(EXTRACTED ENTRIES begins)

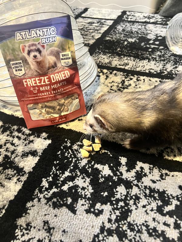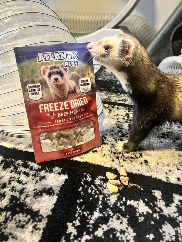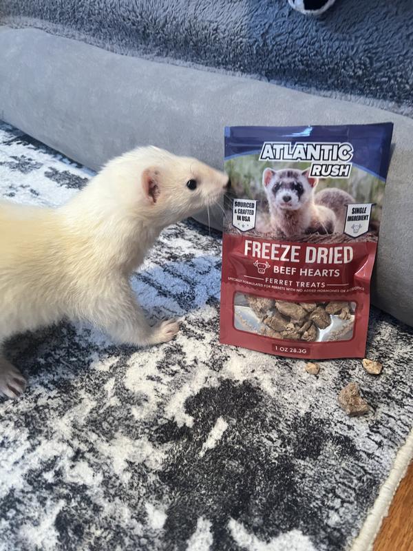 Such a clean treat. Only a single ingredient which is the heart. Nothing added which is importsnt but specifically when it comes to ferrets since they are strict carnivores and should only technically eat meat. I’d highly recommend this to everyone
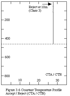 Since there are real oceanographic features and XBT malfunctions which may appear very similar to each other, a decision must be made about which QC flag to use. There are two general types of flag that can be applied: an accept flag and a reject flag. The accept flag is used in instances where you can be sure that the feature is real, or if a malfunction is thought to result in minimal impact on the quality of the data. If there is doubt about the feature, or the impact to the quality of the data is severe, then the reject flag is used. Inflection point data (including BATHY messages) must be quality controlled with a certain amount of caution as these data are of lower resolution. Many of the subtle features that are identified in this cookbook will not be encoded in the message, and therefore may be difficult to detect.
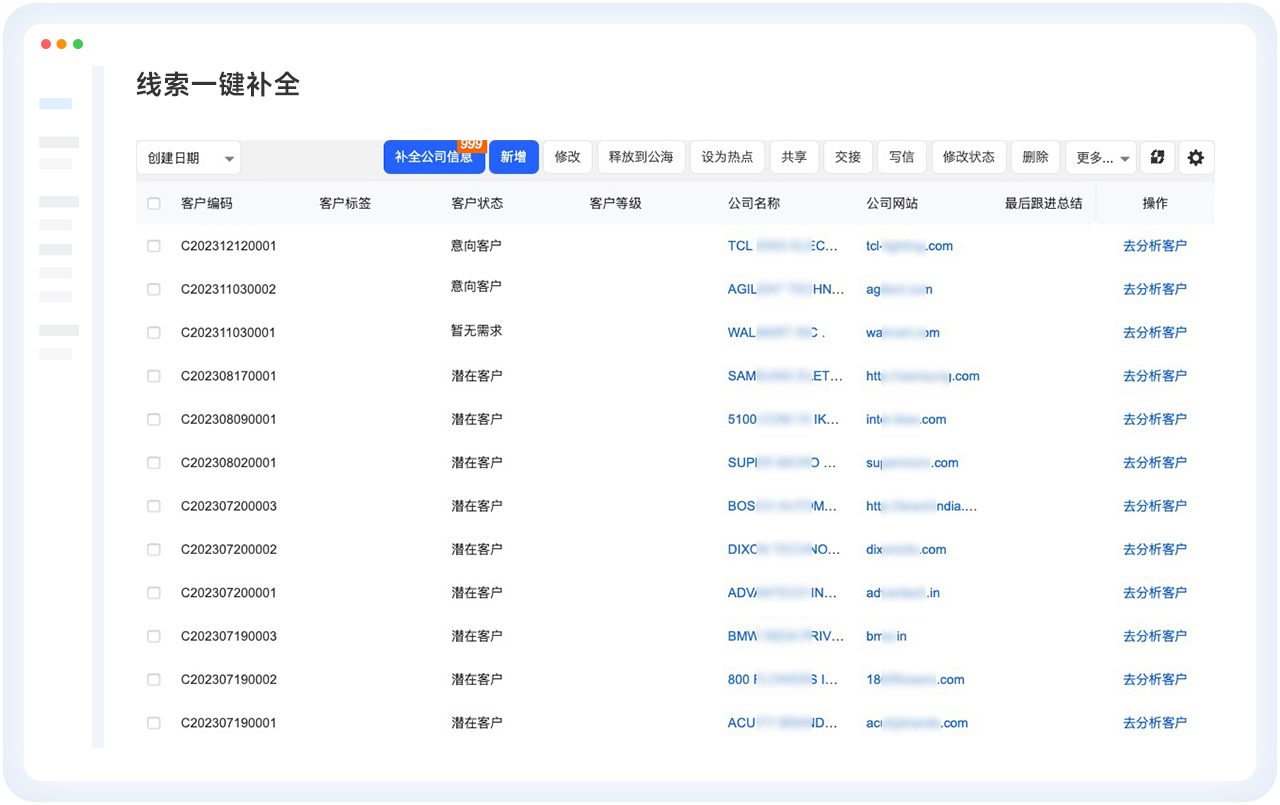 BG大游集团外贸通打通T-CRM与公司面板信息交互,掌握客户公司动态信息,真正实现外贸企业管理的数字化转型。
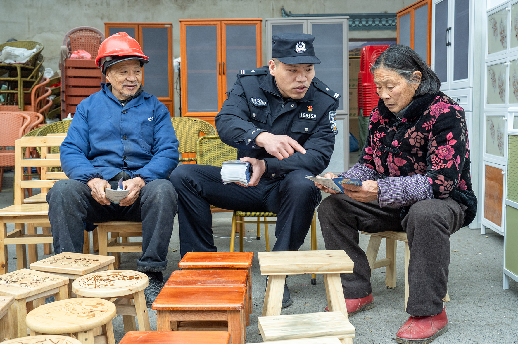 圖為1月15日,民警在走訪群眾了解社情民意,并進(jìn)行反詐等安全宣傳。
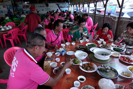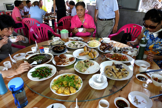 晚餐在13公里外的昌辉鸡饭店,筹备小组为大家特意安排品尝正宗的文昌鸡,来文昌当然要吃文昌鸡!聚会的美食从这一刻开始!
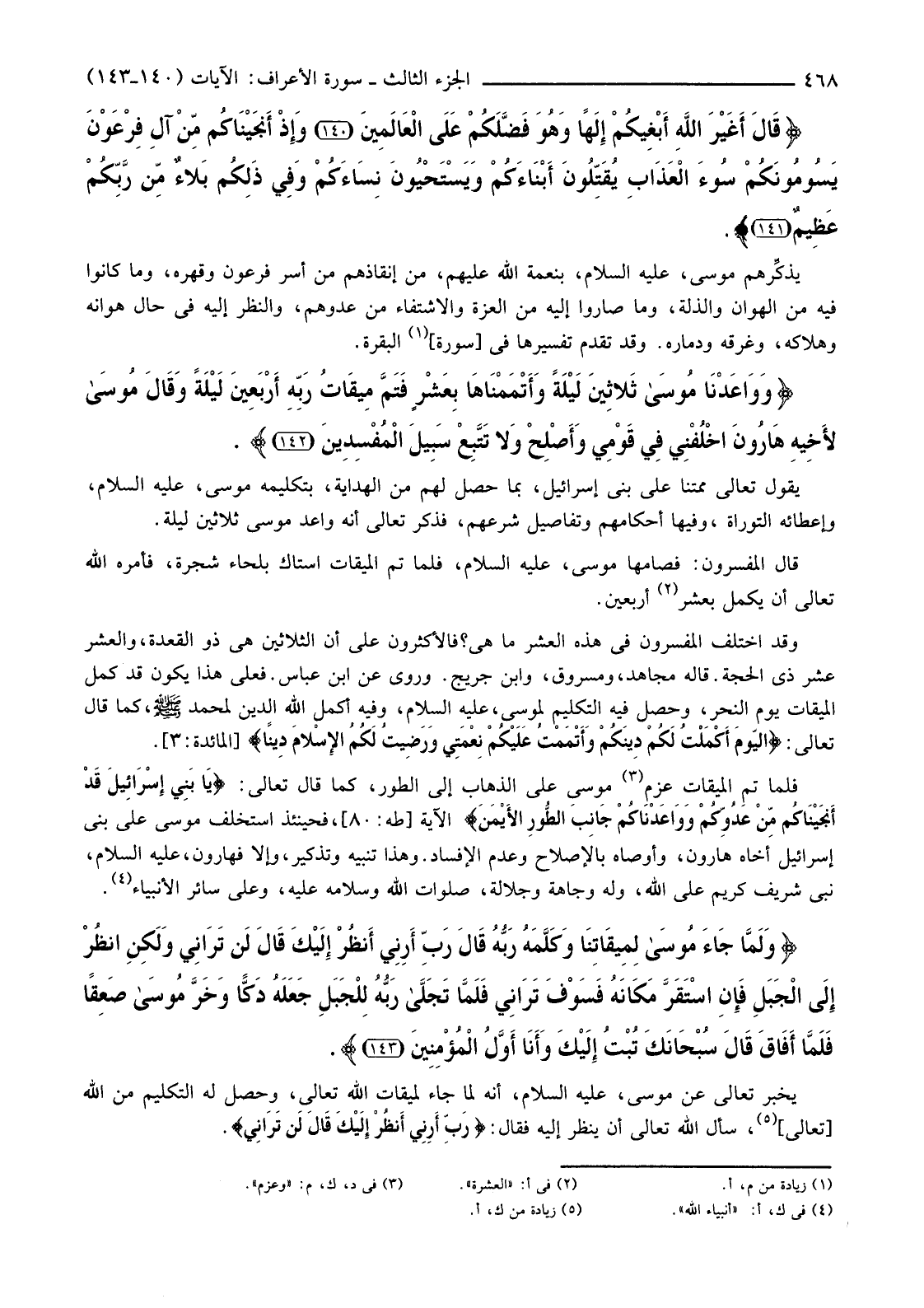 {وَوَاعَدْنَا مُوسَى ثَلاثِينَ لَيْلَةً وَأَتْمَمْنَاهَا بِعَشْرٍ فَتَمَّ مِيقَاتُ رَبِّهِ أَرْبَعِينَ لَيْلَةً وَقَالَ مُوسَى لأخِيهِ هَارُونَ اخْلُفْنِي فِي قَوْمِي وَأَصْلِحْ وَلا تَتَّبِعْ سَبِيلَ الْمُفْسِدِينَ (142) }
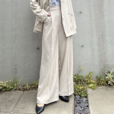 落ち感のある素材とセンタープレスで、脚をきれいに見せてくれるワイドパンツ◎
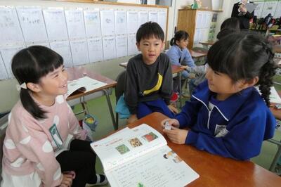 2年2組の国語科の授業におジャマしました。教科書にある「ニャーゴ」というネコとネズミのお話で、主人公のネコの気持ちを想像し、それを基に音読の仕方を考えました。
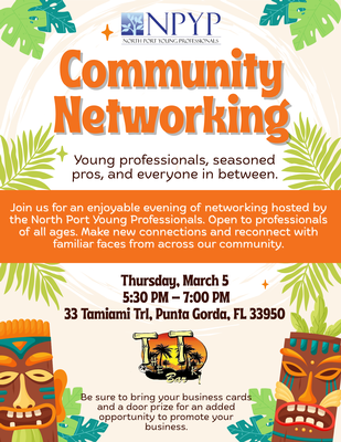 Join us for a night of networking with professionals at TT's Tiki Bar, 33 Tamiami Trail, Punta Gorda. No cost to attend. THIS EVENT IS OPEN TO PROFESSIONALS OF ALL AGES. Remember to bring your business cards and a door prize for an additional opportunity to promote your business. Use this link to register. https://northportyp.com/event/march-networking/
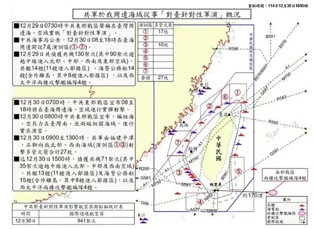 12月29日,中國人民解放軍東部戰區在台灣周邊海空域發起「正義使命-2025」聯合演訓,陸官媒「看台海」以東部戰區發布,解放軍演習布陣涵蓋北部、中部及西南等5大海域與空域,進行無預警實彈射擊。此次演訓是對「台獨」分裂勢力及外部干涉的嚴重警告,旨在捍衛國家主權、安全與領土完整,將持續組織反分裂行動。
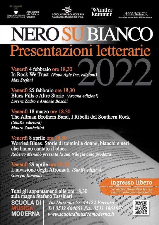 Venerdì 25 febbraio ore 18,30 presso Aula Magna Stefano Tassinari della Scuola di Musica Moderna in via Darsena 57 – Ferrara, Lorenz Zadro presenta il suo ultimo libro “Blues Pills e altre storie” edito da Arcana per la rassegna Nero su Bianco arrivata alla terza edizione, nata nel 2019 per coronare la pubblicazione di “Storie di Standard” (AMF) di Giorgio Rimondi e Massimo Mantovani, continua la sua mission di presentazioni letterarie legate al mondo musicale.

(EXTRACTED ENTRIES ends)

→ WORK REQUEST:
In the copy, no picture may appear; the records themselves must be output exactly.

→ OUTPUT FOR THIS TASK:
 Such a clean treat. Only a single ingredient which is the heart. Nothing added which is importsnt but specifically when it comes to ferrets since they are strict carnivores and should only technically eat meat. I’d highly recommend this to everyone
 Since there are real oceanographic features and XBT malfunctions which may appear very similar to each other, a decision must be made about which QC flag to use. There are two general types of flag that can be applied: an accept flag and a reject flag. The accept flag is used in instances where you can be sure that the feature is real, or if a malfunction is thought to result in minimal impact on the quality of the data. If there is doubt about the feature, or the impact to the quality of the data is severe, then the reject flag is used. Inflection point data (including BATHY messages) must be quality controlled with a certain amount of caution as these data are of lower resolution. Many of the subtle features that are identified in this cookbook will not be encoded in the message, and therefore may be difficult to detect.
 BG大游集团外贸通打通T-CRM与公司面板信息交互,掌握客户公司动态信息,真正实现外贸企业管理的数字化转型。
 圖為1月15日,民警在走訪群眾了解社情民意,并進(jìn)行反詐等安全宣傳。
 晚餐在13公里外的昌辉鸡饭店,筹备小组为大家特意安排品尝正宗的文昌鸡,来文昌当然要吃文昌鸡!聚会的美食从这一刻开始!
 {وَوَاعَدْنَا مُوسَى ثَلاثِينَ لَيْلَةً وَأَتْمَمْنَاهَا بِعَشْرٍ فَتَمَّ مِيقَاتُ رَبِّهِ أَرْبَعِينَ لَيْلَةً وَقَالَ مُوسَى لأخِيهِ هَارُونَ اخْلُفْنِي فِي قَوْمِي وَأَصْلِحْ وَلا تَتَّبِعْ سَبِيلَ الْمُفْسِدِينَ (142) }
 落ち感のある素材とセンタープレスで、脚をきれいに見せてくれるワイドパンツ◎
 2年2組の国語科の授業におジャマしました。教科書にある「ニャーゴ」というネコとネズミのお話で、主人公のネコの気持ちを想像し、それを基に音読の仕方を考えました。
 Join us for a night of networking with professionals at TT's Tiki Bar, 33 Tamiami Trail, Punta Gorda. No cost to attend. THIS EVENT IS OPEN TO PROFESSIONALS OF ALL AGES. Remember to bring your business cards and a door prize for an additional opportunity to promote your business. Use this link to register. https://northportyp.com/event/march-networking/
 12月29日,中國人民解放軍東部戰區在台灣周邊海空域發起「正義使命-2025」聯合演訓,陸官媒「看台海」以東部戰區發布,解放軍演習布陣涵蓋北部、中部及西南等5大海域與空域,進行無預警實彈射擊。此次演訓是對「台獨」分裂勢力及外部干涉的嚴重警告,旨在捍衛國家主權、安全與領土完整,將持續組織反分裂行動。
 Venerdì 25 febbraio ore 18,30 presso Aula Magna Stefano Tassinari della Scuola di Musica Moderna in via Darsena 57 – Ferrara, Lorenz Zadro presenta il suo ultimo libro “Blues Pills e altre storie” edito da Arcana per la rassegna Nero su Bianco arrivata alla terza edizione, nata nel 2019 per coronare la pubblicazione di “Storie di Standard” (AMF) di Giorgio Rimondi e Massimo Mantovani, continua la sua mission di presentazioni letterarie legate al mondo musicale.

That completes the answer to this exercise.